[[ Given records open ]]

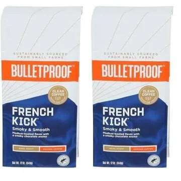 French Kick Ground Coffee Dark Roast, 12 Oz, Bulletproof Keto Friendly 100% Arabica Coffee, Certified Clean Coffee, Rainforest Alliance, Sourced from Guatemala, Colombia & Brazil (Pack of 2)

[[ Given records closed ]]
[[ Given records open ]]

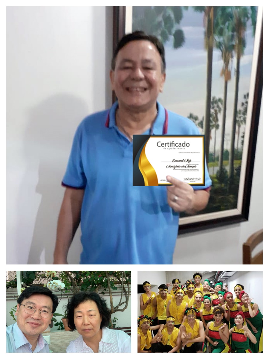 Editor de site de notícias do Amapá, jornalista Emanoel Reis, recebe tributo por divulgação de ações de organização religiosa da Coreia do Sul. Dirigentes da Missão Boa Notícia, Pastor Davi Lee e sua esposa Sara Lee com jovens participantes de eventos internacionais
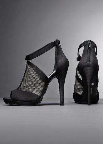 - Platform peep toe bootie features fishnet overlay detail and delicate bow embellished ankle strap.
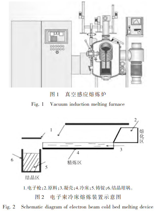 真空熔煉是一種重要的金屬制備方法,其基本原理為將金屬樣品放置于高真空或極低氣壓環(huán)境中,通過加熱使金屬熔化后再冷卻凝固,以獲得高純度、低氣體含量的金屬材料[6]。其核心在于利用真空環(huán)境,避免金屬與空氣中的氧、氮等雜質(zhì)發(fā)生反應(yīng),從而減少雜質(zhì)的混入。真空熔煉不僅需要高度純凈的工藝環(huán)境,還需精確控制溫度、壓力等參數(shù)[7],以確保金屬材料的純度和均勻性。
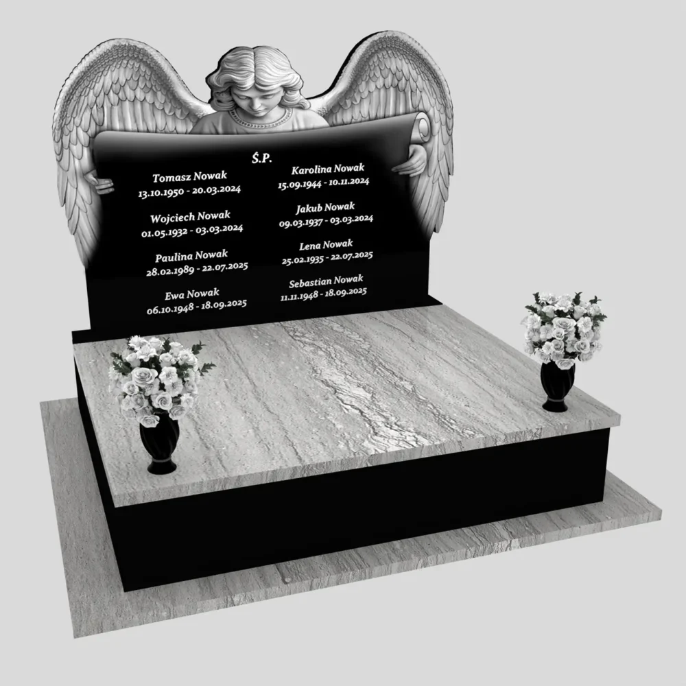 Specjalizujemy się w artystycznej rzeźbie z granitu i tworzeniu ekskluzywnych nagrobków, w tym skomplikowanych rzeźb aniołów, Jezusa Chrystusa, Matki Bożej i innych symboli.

[[ Given records closed ]]

What is being asked
The answer is the lines above from the one with "Editor de site" to the one with "- Platform peep", set down exactly, with no pictures.

Answer
 Editor de site de notícias do Amapá, jornalista Emanoel Reis, recebe tributo por divulgação de ações de organização religiosa da Coreia do Sul. Dirigentes da Missão Boa Notícia, Pastor Davi Lee e sua esposa Sara Lee com jovens participantes de eventos internacionais
 - Platform peep toe bootie features fishnet overlay detail and delicate bow embellished ankle strap.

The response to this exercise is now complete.